Stored items
════

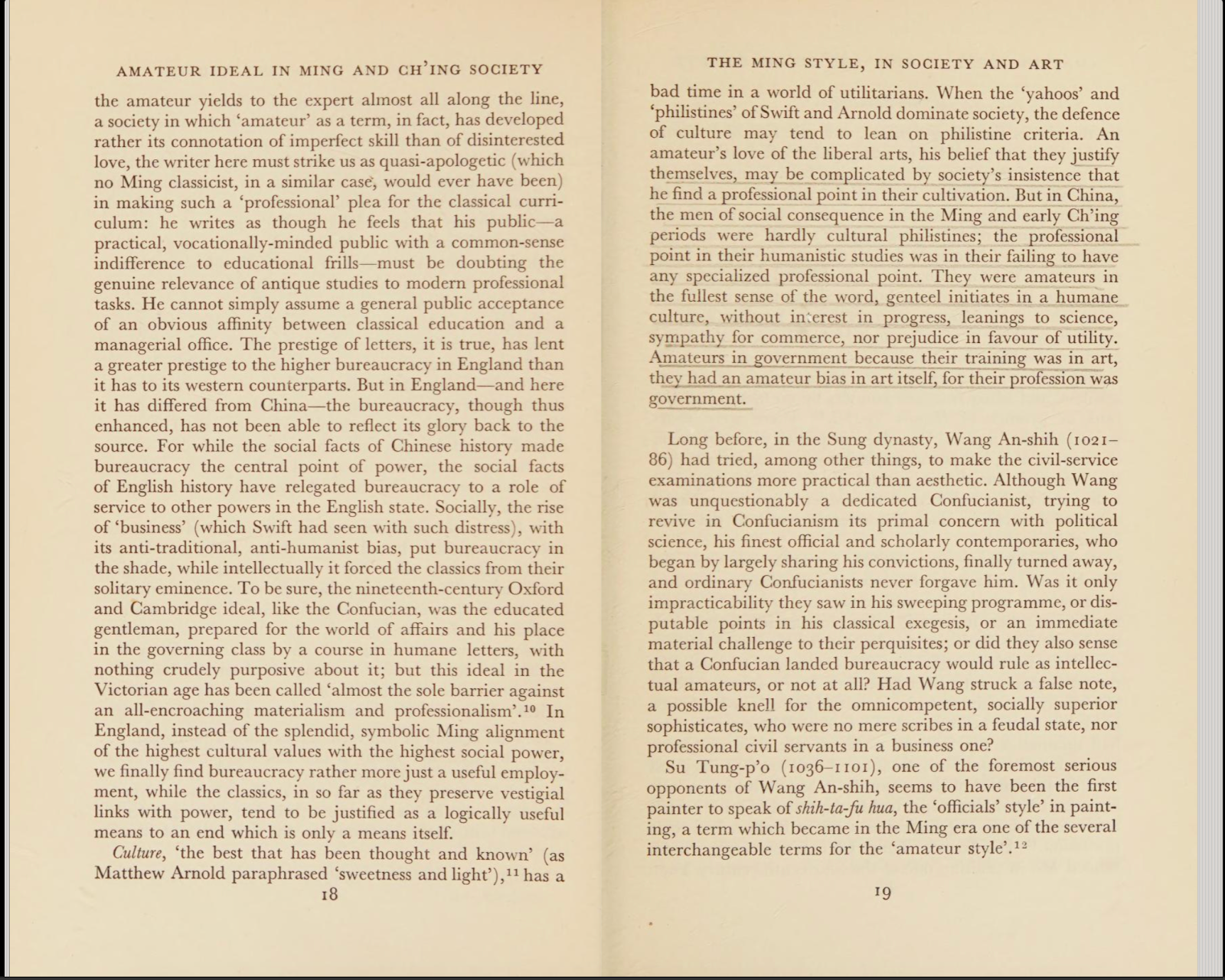 - “由於這些朝廷官員的訓練在於藝術,而非治理,他們對藝術本身也抱持著外行人的偏見,畢竟他們的職業專長是行政。”
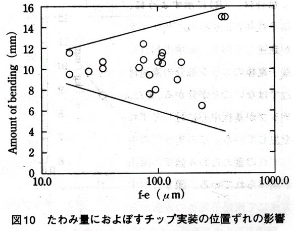 land차가 클수록 휨강도는 커지고 산포가 크다는 것을 알 수 있다. 단자전극은 land부에서 기판과 접착되어 있으며 휨강도시험은 기판중심에서 가압하므로 land부 및 chip에 불균일한 응력이 생긴다고 생각된다. 그 결과 그림8과 같이 크랙이 발생한다고 생각된다. 따라서 강도치의 산포를 제어하기 위해서는 land차 즉 칩 중심 이탈을 적극 감소시켜야 할 필요가 있다. 이상과 같이 칩의 휨강도에는 칩의 단자전극치수, 납땜 량, 기판에의 장착 상태등의 구조적 요인이 매우 큰 영향을 미치고 있다.
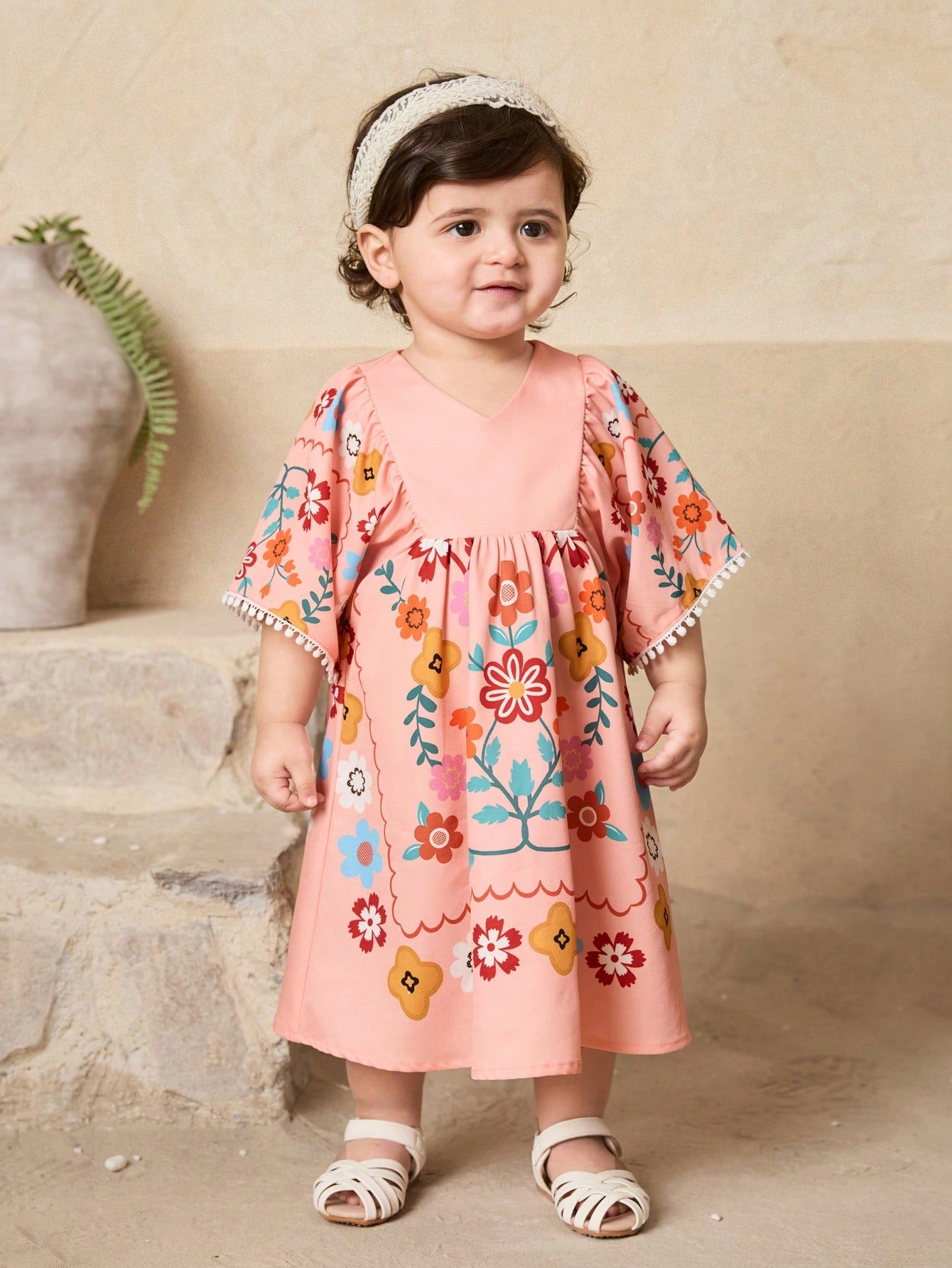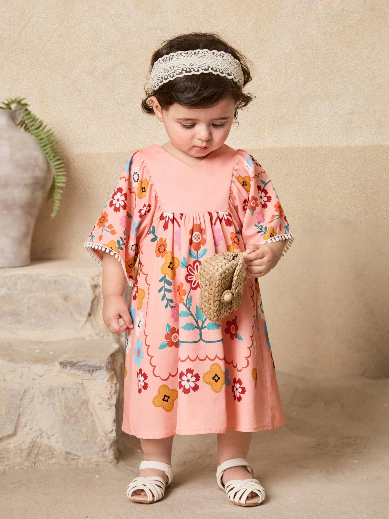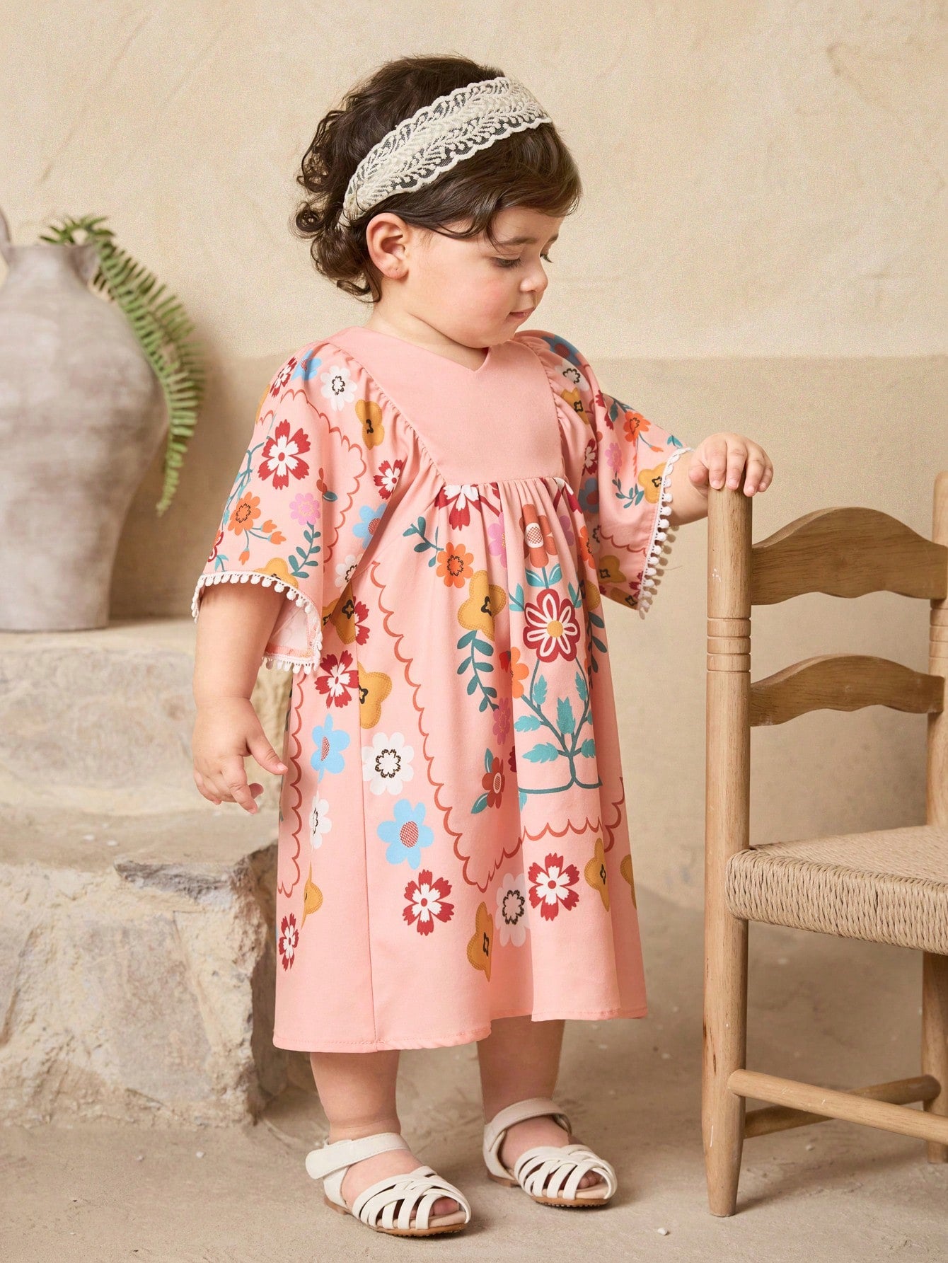 Babygirl Summer Cute Floral Pattern Sleeveless Mini Dress
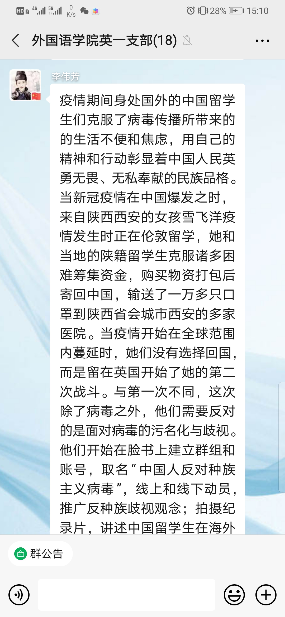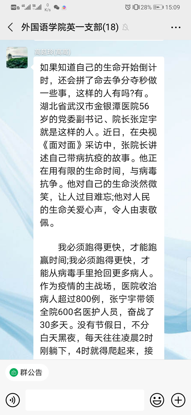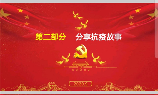 在会议的最后,党员教师积极踊跃发言,分享了自己所知道的战疫故事。其中,李伟芳老师讲到,新冠肺炎疫情在全球的肆虐,使我们更清楚地认识到在当今全球化时代,战胜疫情是所有人共同的责任。在这场空前绝后的战疫中,中国共产党领导的中国政府采取有力的防控措施遏制疫情蔓延势头,同时推动复工复产有序进行。中国共产党领导下的中国政府和中国人民在此次战疫中展现的能力、意志、决心与担当令世界动容。马珂老师就投身武汉抗疫工作的党员朱海秀的事迹发表了自己的感想:“我们相信在党中央的坚强领导和全国人民的共同努力下,没有任何困难能够打败中国人民,我们必将取得这场疫情战的最后胜利。”
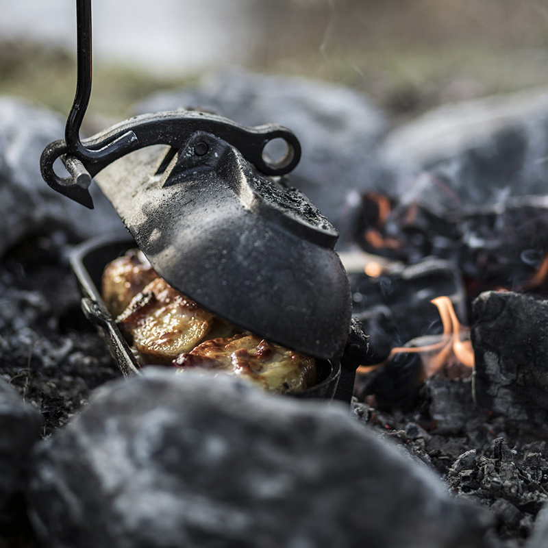 Met een inhoud van 1,8 liter biedt de oven genoeg ruimte voor meerdere porties. De geïntegreerde ventilatieopeningen en het slimme ontwerp zorgen voor optimale luchtcirculatie. De oven kan direct in de kolen worden geplaatst of op een grillrooster boven een kampvuur. Door de stevige draaggreep is hij bovendien makkelijk te hanteren, ook met handschoenen.
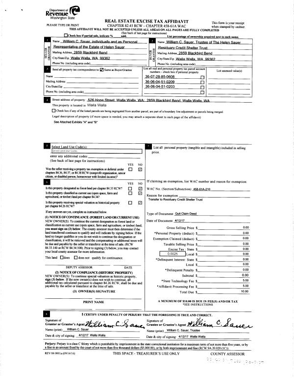 | 2 | 04/12/2017 | QCD | QUIT CLAIM DEED | SAUER WILLIAM C & HELEN A | SAUER HELEN RESIDUARY CREDIT SHELTER TRUST | | | $0.00 | 132193 | 2017-02767 |
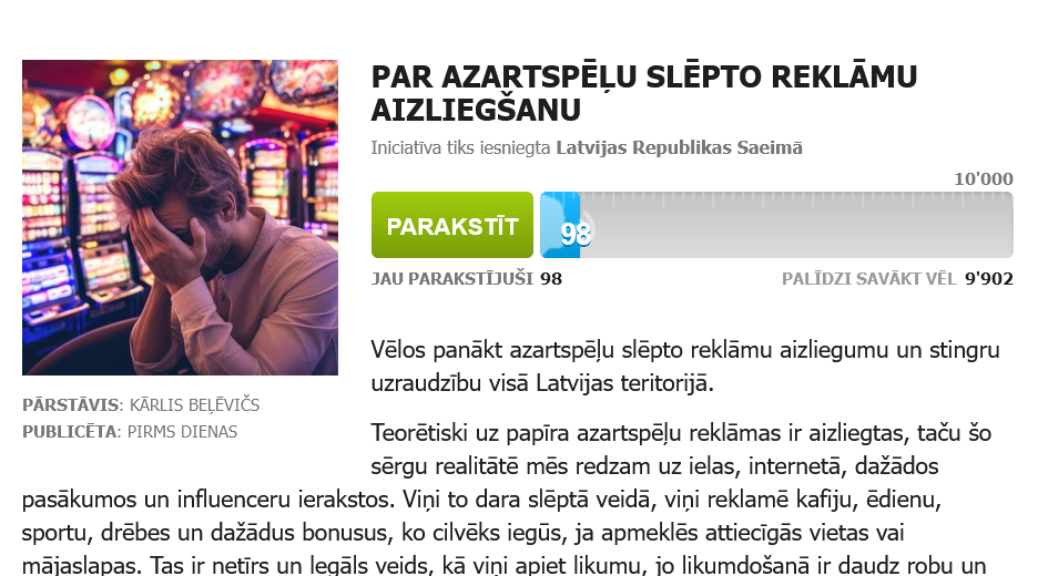 Iedzīvotāju līdzdalības platformā “ManaBalss.lv” ir publicēta jauna iniciatīva “Par azartspēļu slēpto reklāmu aizliegšanu”, kuras autors Kārlis Beļēvičs aicina uz stingrāku kontroli un aizliegumiem pret maskētu azartspēļu reklāmu: https://manabalss.lv/par-azartspelu-slepto-reklamu-aizliegsanu/show
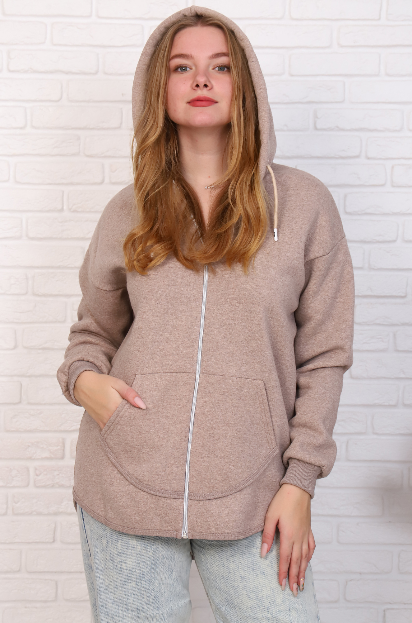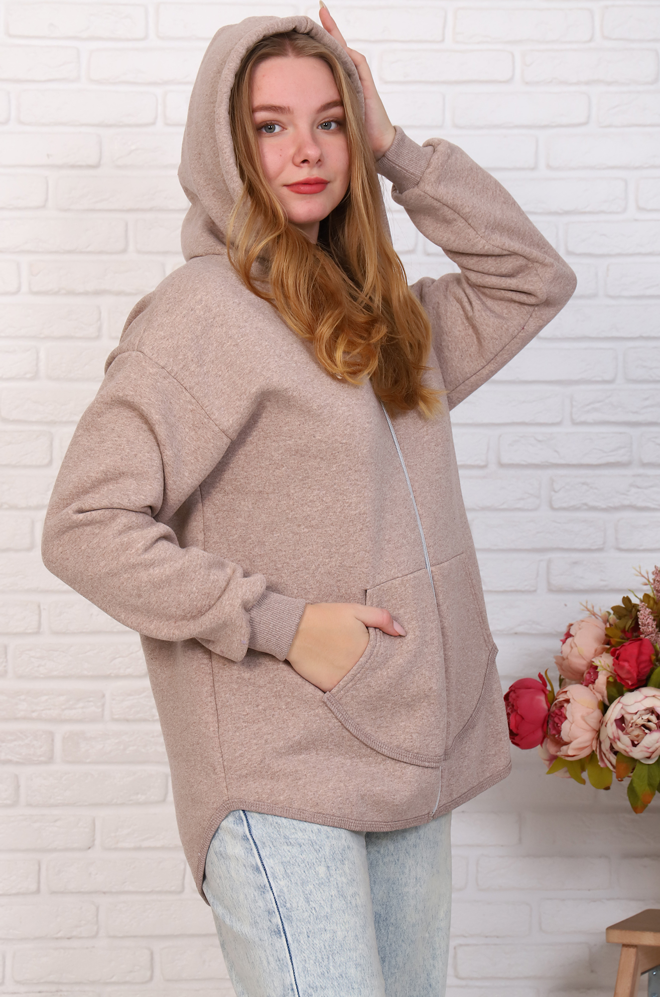 Женская флисовая толстовка с капюшоном, застёжка - молния, удобные вместительные карманы.
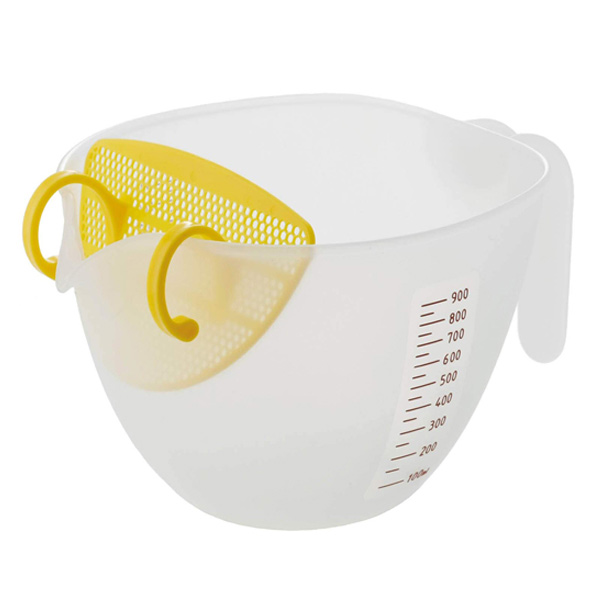 ボウル こし器付き たまごこしボウル 食洗機対応 イエロー ( ボール 卵濾し 玉子濾し 濾し器付きボール 調理ボウル 調理ボール 計量カップ キッチンツール 下ごしらえ 便利グッズ ) 【イエロー】

════

Task details —
Restate word for word the lines from the one holding "Женская флисовая толстовка" down through the last line of the records above, and do not include the pictures.

Task output —
 Женская флисовая толстовка с капюшоном, застёжка - молния, удобные вместительные карманы.
 ボウル こし器付き たまごこしボウル 食洗機対応 イエロー ( ボール 卵濾し 玉子濾し 濾し器付きボール 調理ボウル 調理ボール 計量カップ キッチンツール 下ごしらえ 便利グッズ ) 【イエロー】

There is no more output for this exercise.